# Fairness-Aware Dense Subgraph Discovery


This is a code repository for our submission at Transactions on Machine Learning Research (TMLR).

## Abstract
Dense subgraph discovery (DSD) is a key graph mining primitive with myriad applications including finding densely connected communities which are diverse in their vertex composition. In such a context, it is desirable to extract a dense subgraph that provides fair representation of the diverse subgroups that constitute the vertex set while incurring a small loss in terms of subgraph density. Existing methods for promoting fairness in DSD have important limitations - the associated formulations are NP-hard in the worst case and they do not provide flexible notions of fairness, making it non-trivial to analyze the inherent trade-off between density and fairness.
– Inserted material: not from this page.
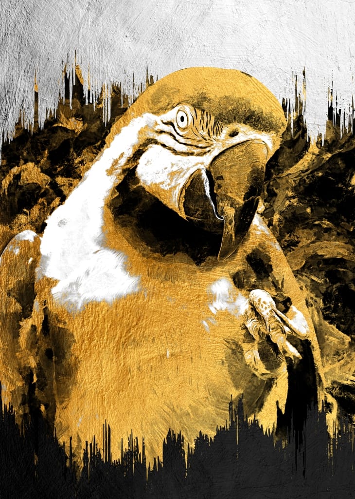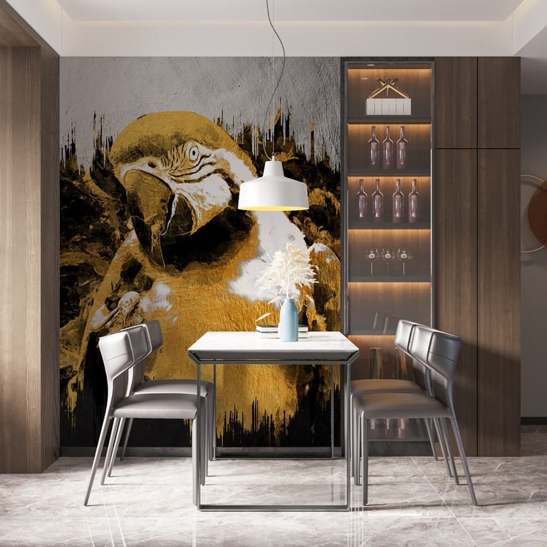 Pozadí, na kterém je papoušek umístěn, je zčásti šedé a zčásti černé. Vzniká tak výrazná a originální kombinace, která se bude skvěle vyjímat v každém moderním interiéru. Je dobrou volbou jak pro originální obývací pokoj, tak pro pokoj odvážného teenagera.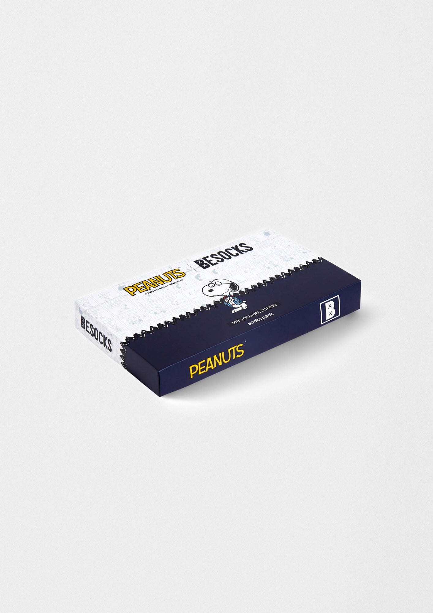 El pack Peanuts x BESOCKS incluye tres diseños originales confeccionados en algodón orgánico e inspirados en Snoopy, el mítico personaje de la tira cómica. Cada modelo representa un momento o estilo icónico de la colección casual. El set se presenta en una caja ilustrada con fondo blanco decorado con viñetas originales de Peanuts y una franja inferior azul marino donde destaca Snoopy vestido con su clásico look parisino.

In this paper, we introduce two tractable formulations for fair DSD, each offering a different notion of fairness. Our methods provide a structured and flexible approach to incorporate fairness, accommodating varying fairness levels. We introduce the fairness-induced relative loss in subgraph density as a price of fairness measure to quantify the associated trade-off. We are the first to study such a notion in the context of detecting fair dense subgraphs. Extensive experiments on real-world datasets demonstrate that our methods not only match but frequently outperform existing solutions, sometimes incurring even less than half the subgraph density loss compared to prior art, while achieving the target fairness levels. Importantly, they excel in scenarios that previous methods fail to adequately handle, i.e., those with extreme subgroup imbalances, highlighting their effectiveness in extracting fair and dense solutions.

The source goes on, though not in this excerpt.